DELAWARE -- Wilmington Police Officer Daniel Humphrey is being hailed as a hero after rescuing a near-dead kitten from an unoccupied Wilmington apartment.
The landlord of a two-apartment house in the 1900 block of Lancaster Ave. called 911 after the upstairs tenant heard glass break and suspected an intruder was in the vacant downstairs.
Officer Rusty Reed, Humphrey and his partner Cpl. Erik Meese responded, finding the first floor had a broken back window. The upstairs tenant let them into the building and the officers jimmied the downstairs apartment’s locked door.
“Whoever left the apartment left personal belongings, an old mattress, clothes everywhere, left-over food that never got thrown away, garbage. There were roaches and fleas everywhere,” Humphrey said, and there were empty heroin bags. “It was disgusting.”
Then they started finding kittens, a total of five scattered around, all dead, and no sign of their mother. “It was a pretty disturbing sight, especially if you’re an animal lover,” he said.
The officers were about to leave, Humphrey said, “and as I was turning around I heard a little kitten just meow.”
The hunt was on. “We were just looking, looking, looking and couldn’t find it,” he said. They looked through the scattered clothes, under furnishings, “searching and searching ... hunting through rubbish and moving everything.”
Then there was another sound. “If he didn’t chirp, we wouldn’t have found him,” Humphrey said. “Finally, we found this little guy sitting behind a door next to a shoe ... hidden away.

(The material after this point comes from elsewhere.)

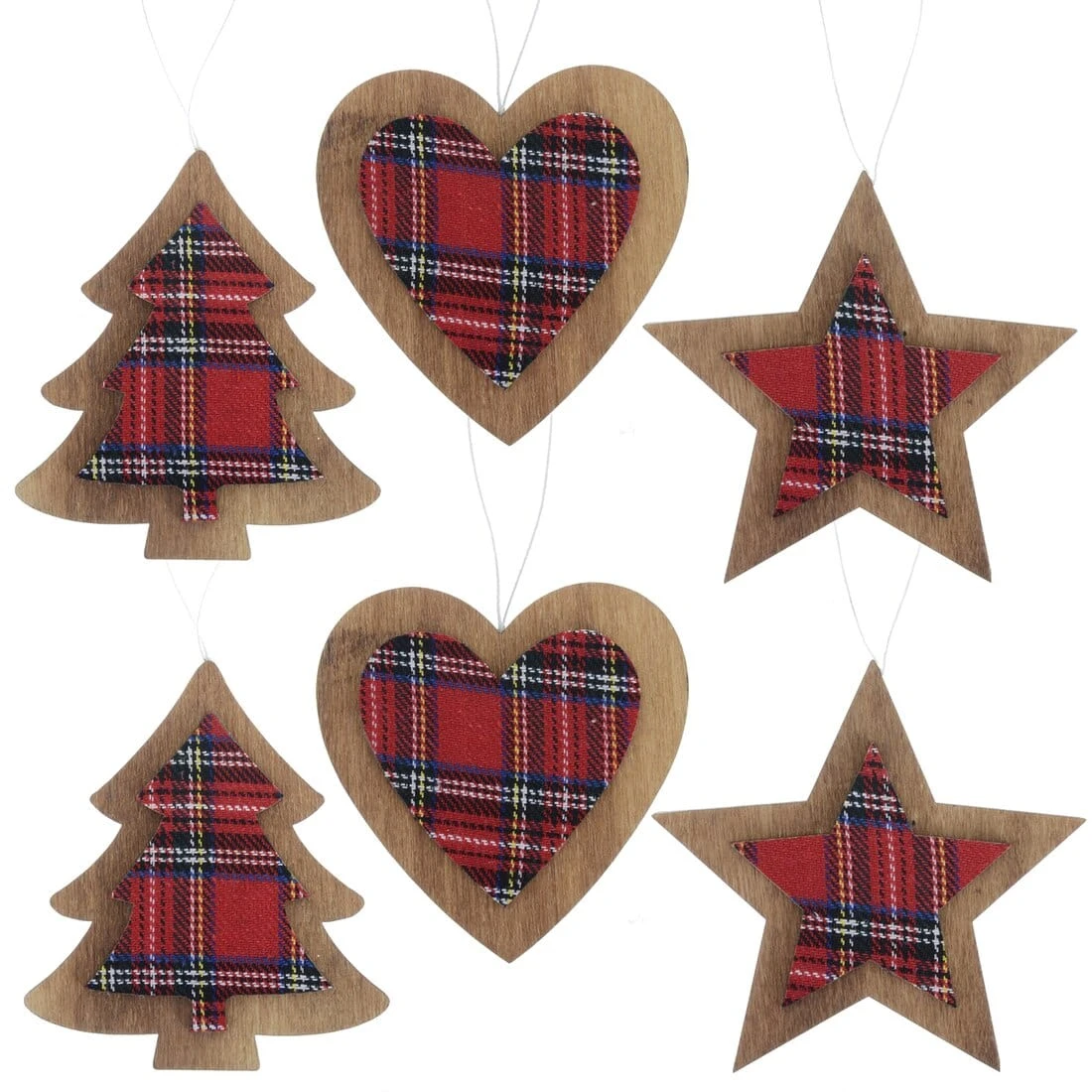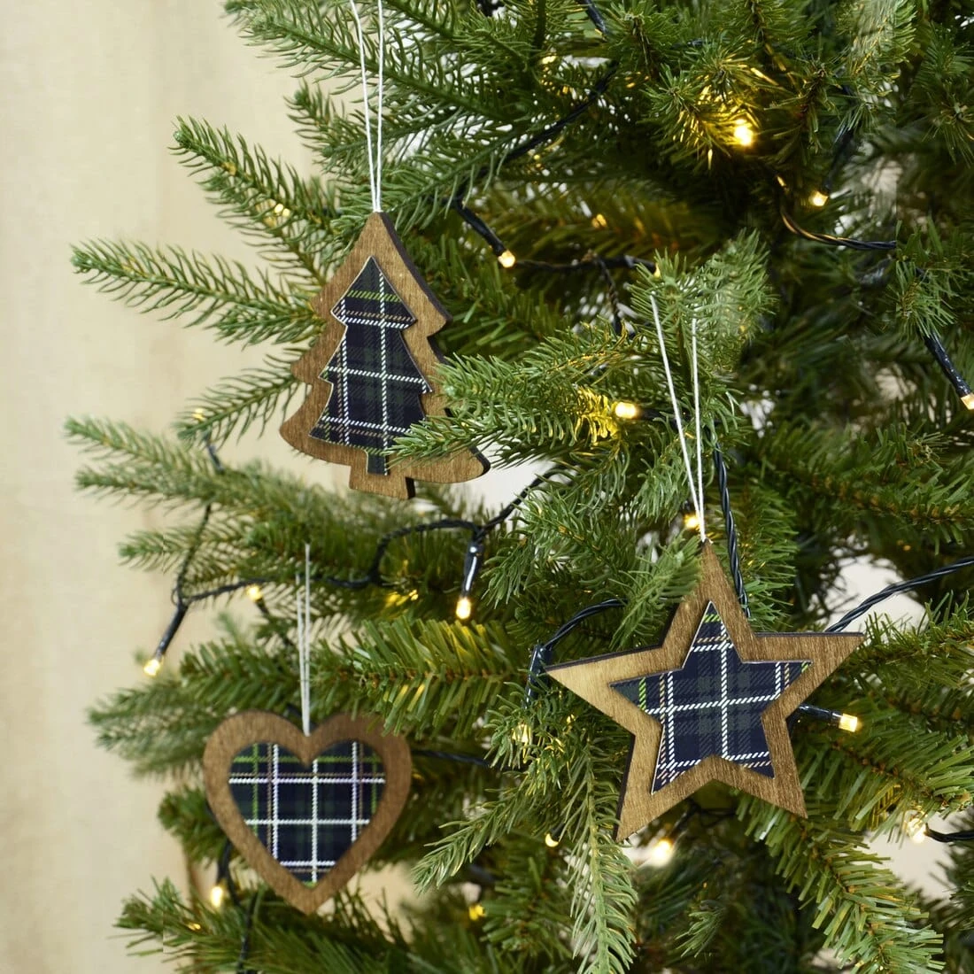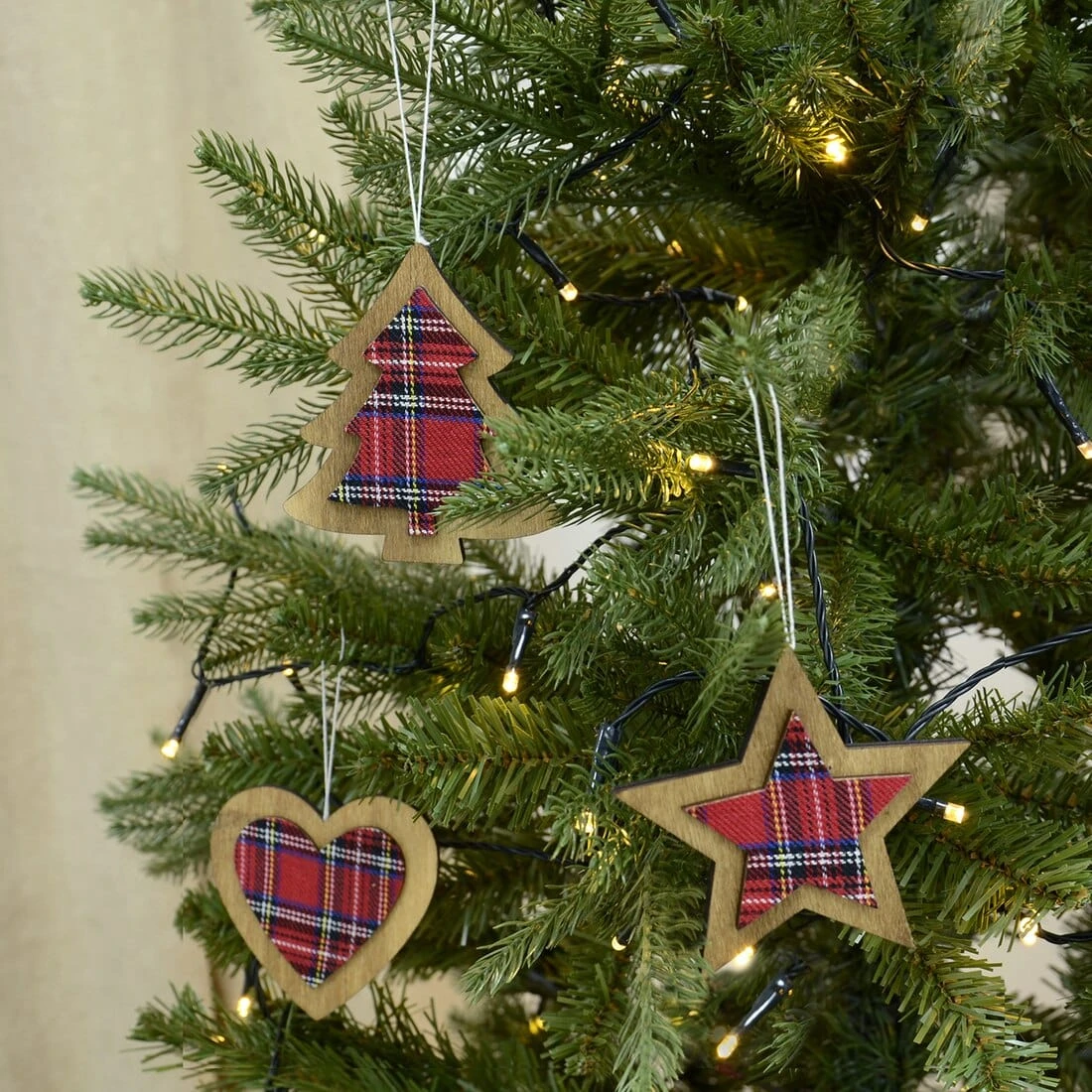 If it’s a traditional part of your preparations for Christmas then you will love these vintage style tartan wooden decorations. Made from 2 layers of lightweight wood: the base is a natural finish, the top layer is printed with a traditional tartan design. Each decoration includes a thread loop for hanging on your tree branches. Don’t you just love the pine resin scent of a real tree?

“He was smaller than the dead kittens, way underweight and just covered with fleas,” he said.
As Officer Reed called the Delaware SPCA to start a cruelty investigation, Humphrey put the kitten into a laundry basket with some clothes and drove straight to Faithful Friends Animal Society.
The kitten, thought to be 3 or 4 weeks old, was in extremely critical condition, said Jane Pierantozzi, executive director of the nonprofit, no-kill shelter in Germay Industrial Park near Elsmere.
“We started getting the fleas off him right away,” she said, and put him on a heating pad to bring up his “deathly low” temperature.
“His lips and tongue were white,” Pierantozzi said, “but we took him to Longwood [Veterinary Center in Kennett Square, Pa.] and they saved his life with a blood transfusion.”
A Longwood vet tech took him home for around-the-clock care and, by Friday, he was in a Faithful Friends foster home – eating and playful.
When the kitten, called “Little Humphrey” for his rescuer, reaches 3 pounds or about 12 weeks, he can be neutered, have his rabies inoculation and go up for adoption.
“Thanks to Officer Humphrey,” Pierantozzi said. “He’s a hero.... We’re very proud of him and the Wilmington Police Department for this.”
Humphrey said he did what any officer would.
And if he didn’t have “a house full,” he said he would adopt the kitten.
But he, his son 8-year-old Daniel Jr. and girlfriend, New Castle County Paramedic Julianne Santora have two rescued cats, McLovin’ and Twilight, a rescued Chihuahua named Lily, a cockatiel named Bird and his canine partner, Sky.
All Humphrey wants now “is for Little Humphrey to get adopted and have a good home.”
And one other thing, he said: “I’m not the hero here. Faithful Friends is the hero.”